WHAT YOU NEED TO DO
Return every line of the records, exact and in full, until you have returned the line with "Die Lautstärke mit", and include none of the pictures.

DATA FOR ANALYSIS
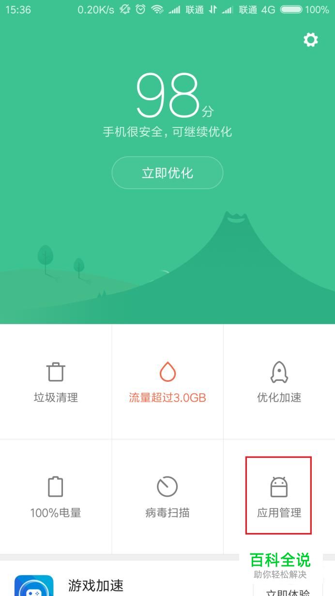 在安全中心应用界面中,点击页面右侧“应用管理”菜单,
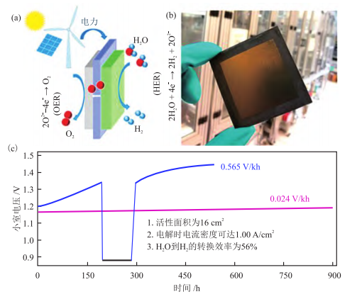 SOEC電解水機(jī)理示意圖(a)、SOEC極板照片(b)和750℃、1.00 A/cm²電流密度下,SOEC長(zhǎng)時(shí)間電解電位變化趨勢(shì)(c)
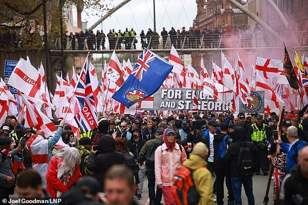 Cientos de agentes estuvieron presentes en la protesta después de que la Policía del Gran Manchester (GMP) fuera acusada de “perder el control” cuando se produjo violencia durante una “Marcha de Inmigración” anterior desde Gran Bretaña en febrero.
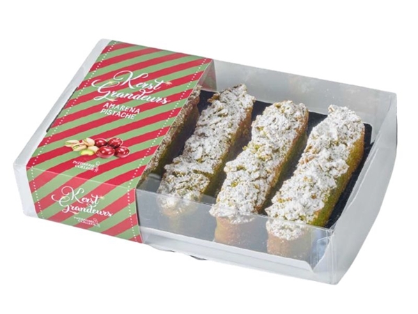 5 Cakejes met een zachte pistachelvulling met een kern van italiaanse Amarena kersen op een bodem van boterdeeg en krokante amandelen.
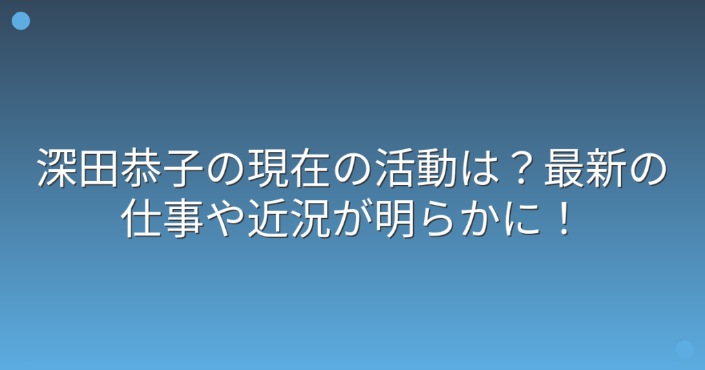 女優の深田恭子さんの現在の様子が、ファンの間で話題になっていますね。 一時期は体調不良で休養されていた深田恭子さんですが、現在はどのような活動をされているのでしょうか。 そこで今回は、深田恭子さんの現在の仕事や近況、最新の活動について詳し...
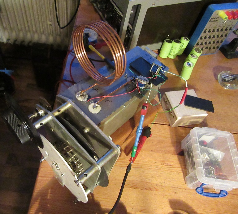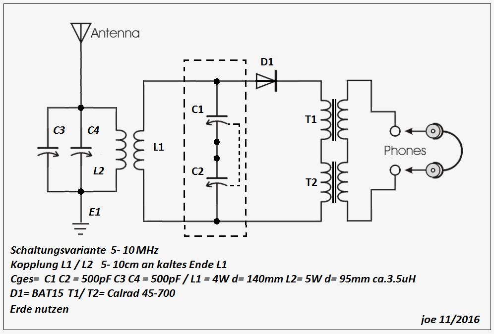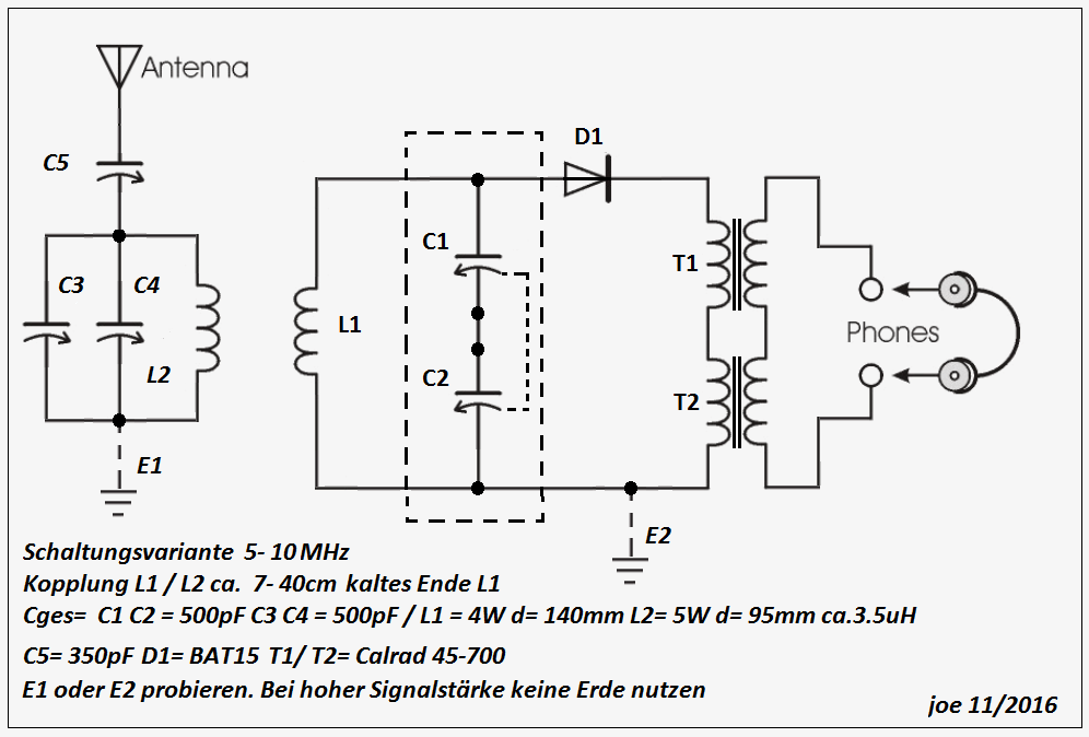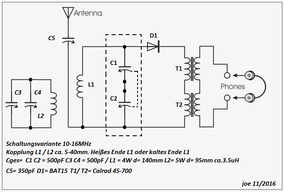 Die Lautstärke mit dem SP- Hörer ist manchmal echt krass und ist wahrscheinlich die Ursache dafür, dass ich die Kopplungsentfernung so weit auseinanderfahren kann. Bei hoher Signalstärke schalte ich dann einen 25pF- Trimmer zur Antennenanpassung zu und klemme C5 ab. Jeder hat mit seinem Aufbau immer etwas andere Ergebnisse. Dies hängt hauptsächlich mit der jeweiligen Antennen- und Erdsituation zusammen.
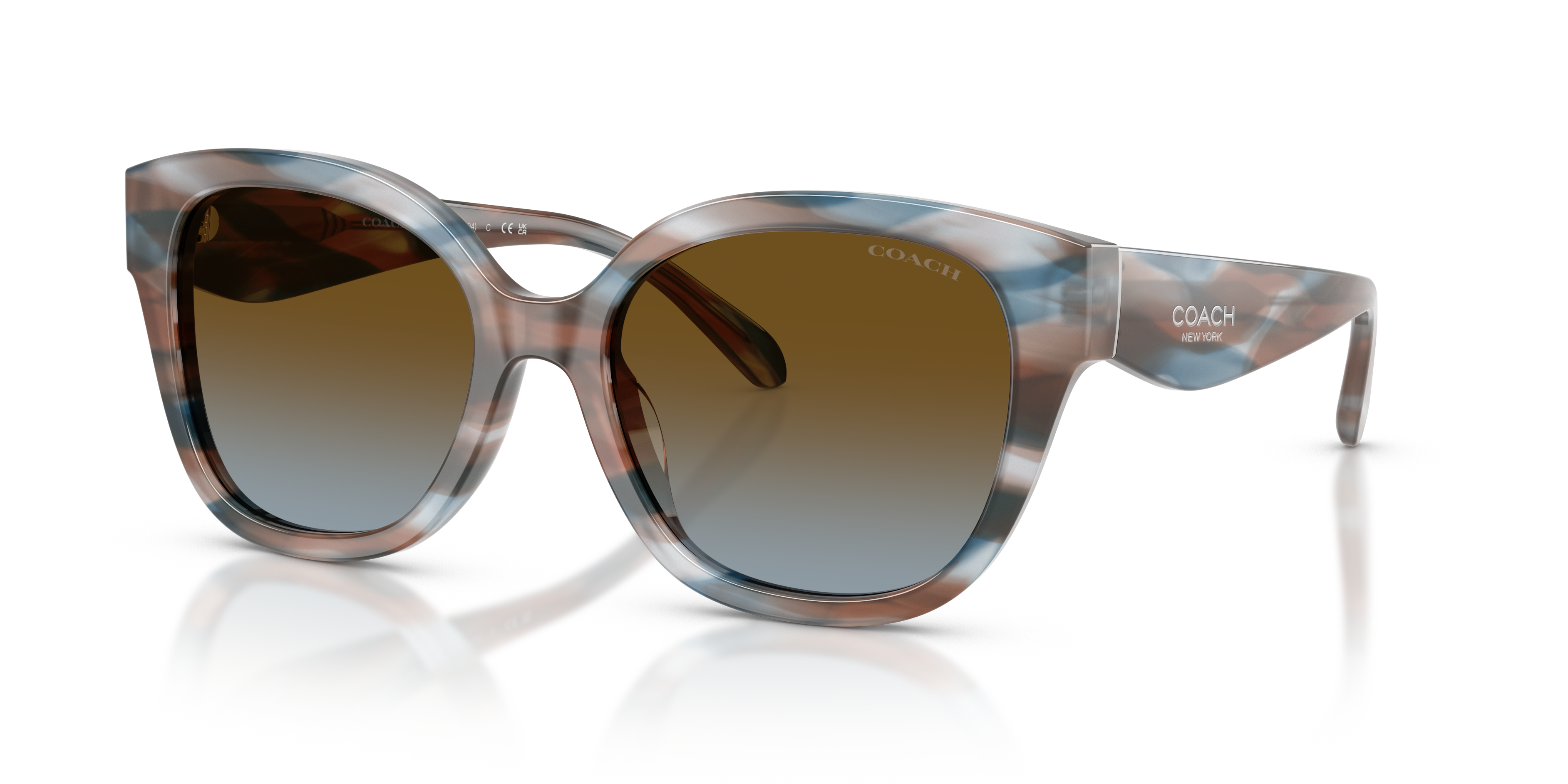 Experience the epitome of style and performance integration with Coach CBY94 sunglasses. The square shape, crafted from acetate material, offers a modern and sophisticated look. The polished striated maple/blueberry frame color adds a pop of color to your outfit, while the brown blue gradient lenses provide optimal glare reduction and superior vision clarity. These shades are designed for those who want to make a statement without compromising on quality or comfort.
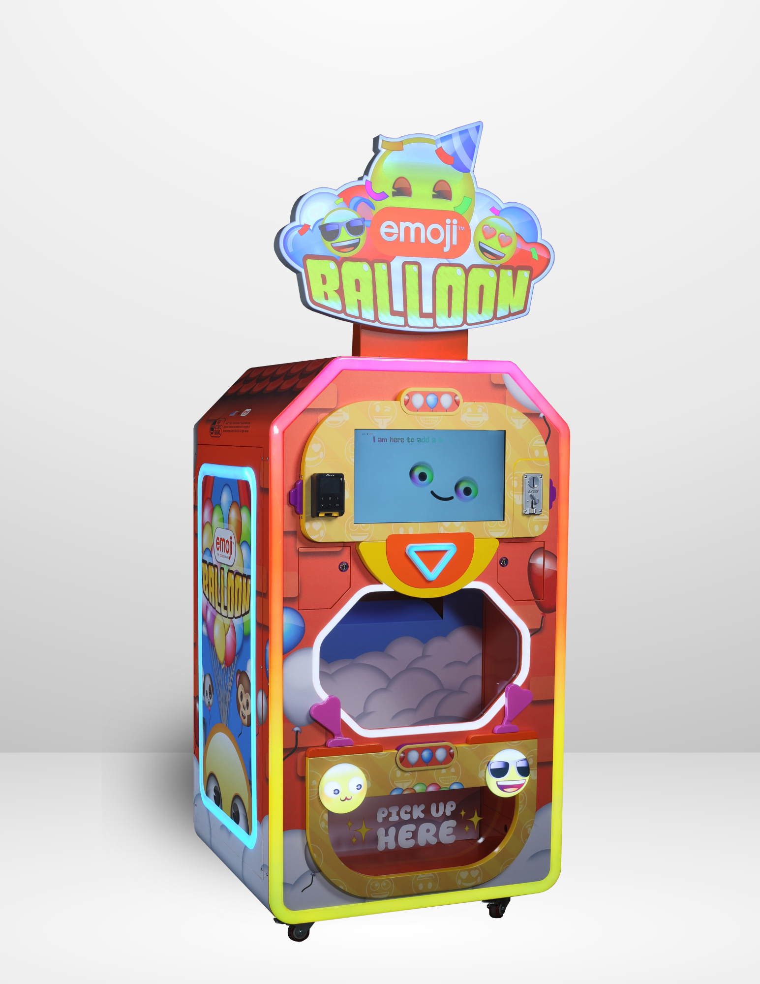 The emoji™ balloon is an interactive vending machine that creates fun, emoji-themed balloons in just 30 seconds. Featuring iconic emoji™ designs, vibrant LED lighting, and a robotic inflation process, it offers a mesmerizing experience. Each balloon includes a stick, making it a perfect keepsake. High capacity—nearly 200 balloons per refill!
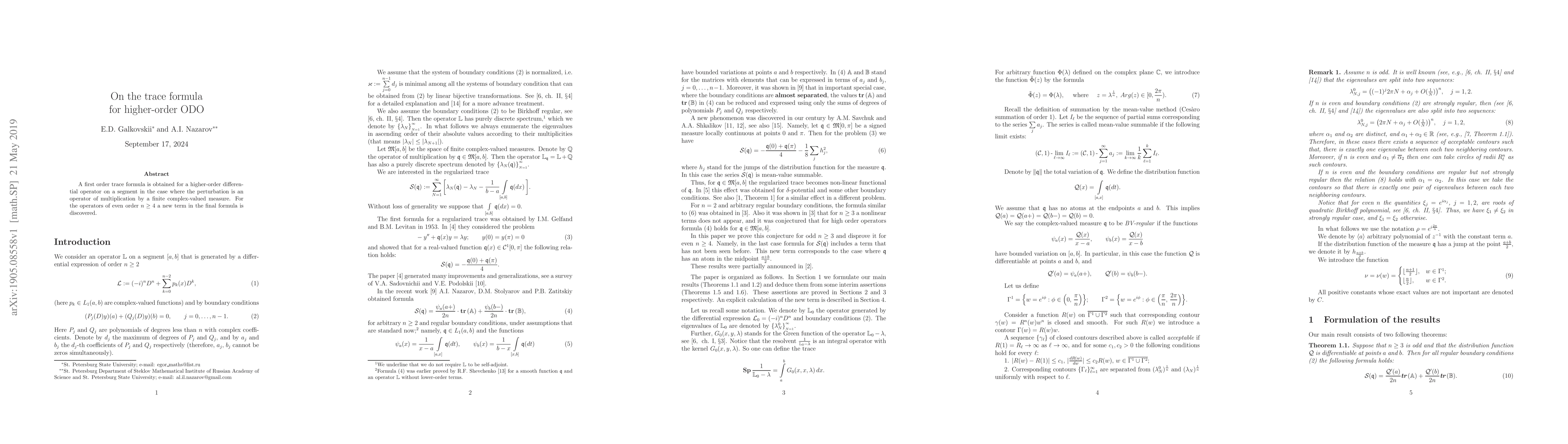 A first order trace formula is obtained for a higher-order differential operator on a segment in the case where the perturbation is an operator of multiplication by a finite complex-valued measure. For the operators of even order $n\ge4$ a new term in the final formula is discovered.

ANSWER TO THE EXERCISE
 在安全中心应用界面中,点击页面右侧“应用管理”菜单,
 SOEC電解水機(jī)理示意圖(a)、SOEC極板照片(b)和750℃、1.00 A/cm²電流密度下,SOEC長(zhǎng)時(shí)間電解電位變化趨勢(shì)(c)
 Cientos de agentes estuvieron presentes en la protesta después de que la Policía del Gran Manchester (GMP) fuera acusada de “perder el control” cuando se produjo violencia durante una “Marcha de Inmigración” anterior desde Gran Bretaña en febrero.
 5 Cakejes met een zachte pistachelvulling met een kern van italiaanse Amarena kersen op een bodem van boterdeeg en krokante amandelen.
 女優の深田恭子さんの現在の様子が、ファンの間で話題になっていますね。 一時期は体調不良で休養されていた深田恭子さんですが、現在はどのような活動をされているのでしょうか。 そこで今回は、深田恭子さんの現在の仕事や近況、最新の活動について詳し...
 Die Lautstärke mit dem SP- Hörer ist manchmal echt krass und ist wahrscheinlich die Ursache dafür, dass ich die Kopplungsentfernung so weit auseinanderfahren kann. Bei hoher Signalstärke schalte ich dann einen 25pF- Trimmer zur Antennenanpassung zu und klemme C5 ab. Jeder hat mit seinem Aufbau immer etwas andere Ergebnisse. Dies hängt hauptsächlich mit der jeweiligen Antennen- und Erdsituation zusammen.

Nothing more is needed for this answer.